This is really great! I was fortunate enough to do my master's under a professor who included these visual representations in his lectures. I loved enough to write my thesis on the next step generalization, hyperelliptic curves.
As an algebraic geometer, I have a minor correction: The graphic "examples of elliptic curves" features the singular curve y^2 = x^3. This is not an elliptic curves, because by definition elliptic curves are smooth.
Good spotting. I actually based that animation on the grid of sample curves at https://en.wikipedia.org/wiki/Elliptic_curve , which includes A=B=0 in the illustration but makes the point it's not a valid curve.
I didn't think anyone would notice/care, but I'll tweak it to skip over that example.
Ah, I tried to trim the page down as much as possible, but there's a million tangents like this I could have gone down.
Each point that you pick is going to have a different number of times it can be added to itself before it lands on a point that has the same x-value but different y-value, and then the "point addition" operation draws a vertical line and the point goes to infinity. The number of times you can add a point to itself before it happens and the cycle resets is called the point's "order".

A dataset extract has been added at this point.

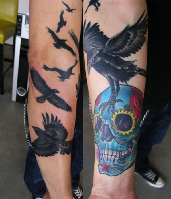 手臂old school墨西哥传统骷髅和黑乌鸦纹身图案

Most of the points on the graph will repeat themselves after less than a dozen times. The one I picked repeats itself after 72 points, which is great because that's every point on the curve. I chose it by writing a little program that tried each point and returned the best one.
Compare that to a "real" curve like Curve25519: it has the base point at x=9 and can repeat itself over 2^252 times before repeating. The author of that curve used a different technique to find the point's order (obviously he didn't try adding the point to itself a trillion^6 times) but the idea's the same.
That's also where had to scroll up again; where do Alice and Bob know P from?
That's pre defined public knowledge, right? It belongs to the curve they use.
Many many thanks for this brilliantly depicted explanation!
Ot: I also looked up ulfheim after I realized your first name is Michael, not Ulf.
"ulfheim" is an old domain name that I've had for decades; there's a little explanation on my home page but the short version is that it's from an old BBS handle.
Unfortunately a few years ago a racist hate group also started using the name for their own purposes. Today I've started the process of moving all my hosts to a new domain name, xargs.org .
Thank you so much for creating this! Under the Curve61 point addition example, I was trying to follow the formula for adding two points: P:(x1, y1) + Q(x2, y2) = R(x3=l^2-x1-x2, y3=l(x1-x3)-y1) where l=(y2-y1)/(x2-x1). I tried to use the example P:(5, 7) + 23P:(2, 24) = (226/9, 2888/7) != 24P:(59, 55) and was wondering where I've gone wrong? Appreciate your response!
After a few missteps where I transcribed the vars wrong (laugh) I wrote out the calcs and was able to reach the correct result. Here's my step-by-step process, hope this helps!
It's great! Minor correction: "In real numbers there are two square roots for EVERY non-zero number. The same is true in Fp...." "...only half the non-zero members of Fp have square roots"
could you correct anything wrong in my understanding?
so we can create an isomorphism(?) between the field (Z_61, +, *) and points on a modular elliptic curve with a base point P using function g:= g(k) = k * P
g(k) is fast to compute with the doubling method, but the inverse requires brute force. Even if you know k_a * P and k_b * P, computing k_a * k_b * P is hard.
However, if you know k_a or k_b (either private key) you can easily find k_a * g(k_b) = k_b * g(k_a) = k_a * k_b * P.
a mitm could just completely impersonate both parties decrypting and re-encrypting in both directions... unless at least one of the public keys was published through a secure channel like a certificate authority.
Hi, I like it, but one thing I have some trouble with is the transition from the eliptic curve to the eliptic curve with finite fields. Specifically, I see the curve, as some function y = f(x), but then in the next plots it looks like a scatter plot and I do see the points of the field, being the output of the curve, but I can not really see what happended to the curve itself. Did the curve become the field?